WHAT THE TASK ASKS => Leaving out the pictures, retype the lines from the top of the listing through the line with "Convierte tu puerta" exactly.

SUPPLIED INFORMATION =>
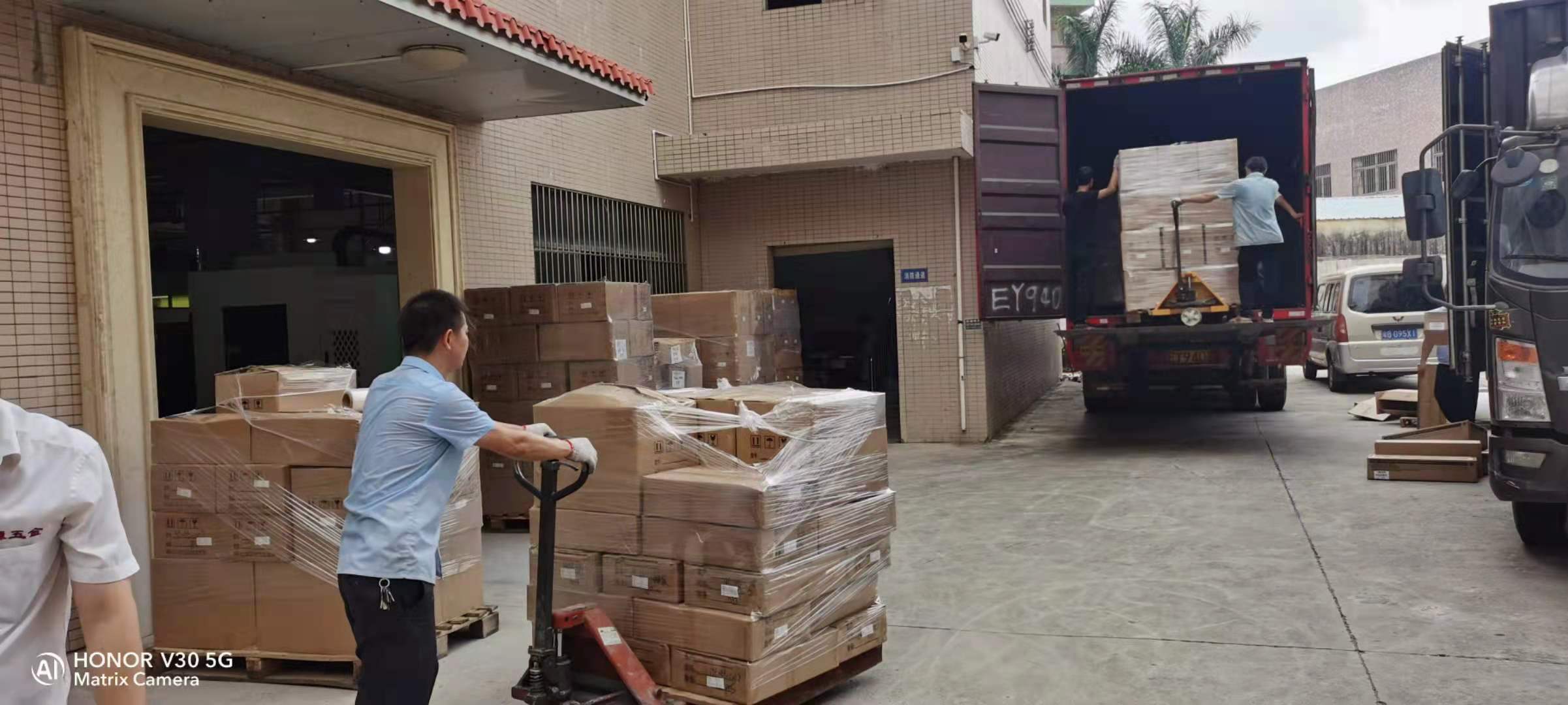 因為降雨,氣溫有所降低,但是小黄片在线视频一線的師傅因為繁重的發貨量,汗珠順著他們的臉頰不停地往下掉,但是他們依然不辭辛苦地輾轉於庫房與貨車之間。
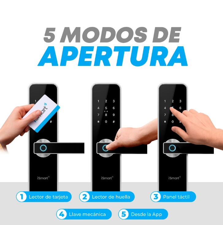 Convierte tu puerta en un acceso inteligente con una cerradura que lo hace todo: abre con huella, clave, tarjeta, app o llave, controla desde tu celular vía Bluetooth (con opción WiFi) y recibe notificaciones en tiempo real cada vez que alguien entra o sale. Administra hasta 200 huellas y 150 códigos (incluyendo temporales), protege con alarma y triple seguro, y olvídate de las pilas por meses (hasta 7–8 meses de duración, con USB de emergencia).
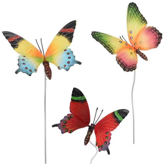 Metalowe motyle na patyku to wyjątkowa ozdoba do ogrodu, która doda kolorów rabatom, donicom i trawnikom. Wykonane z trwałego metalu, odporne na warunki atmosferyczne.

RESULT FOR THIS EXERCISE =>
 因為降雨,氣溫有所降低,但是小黄片在线视频一線的師傅因為繁重的發貨量,汗珠順著他們的臉頰不停地往下掉,但是他們依然不辭辛苦地輾轉於庫房與貨車之間。
 Convierte tu puerta en un acceso inteligente con una cerradura que lo hace todo: abre con huella, clave, tarjeta, app o llave, controla desde tu celular vía Bluetooth (con opción WiFi) y recibe notificaciones en tiempo real cada vez que alguien entra o sale. Administra hasta 200 huellas y 150 códigos (incluyendo temporales), protege con alarma y triple seguro, y olvídate de las pilas por meses (hasta 7–8 meses de duración, con USB de emergencia).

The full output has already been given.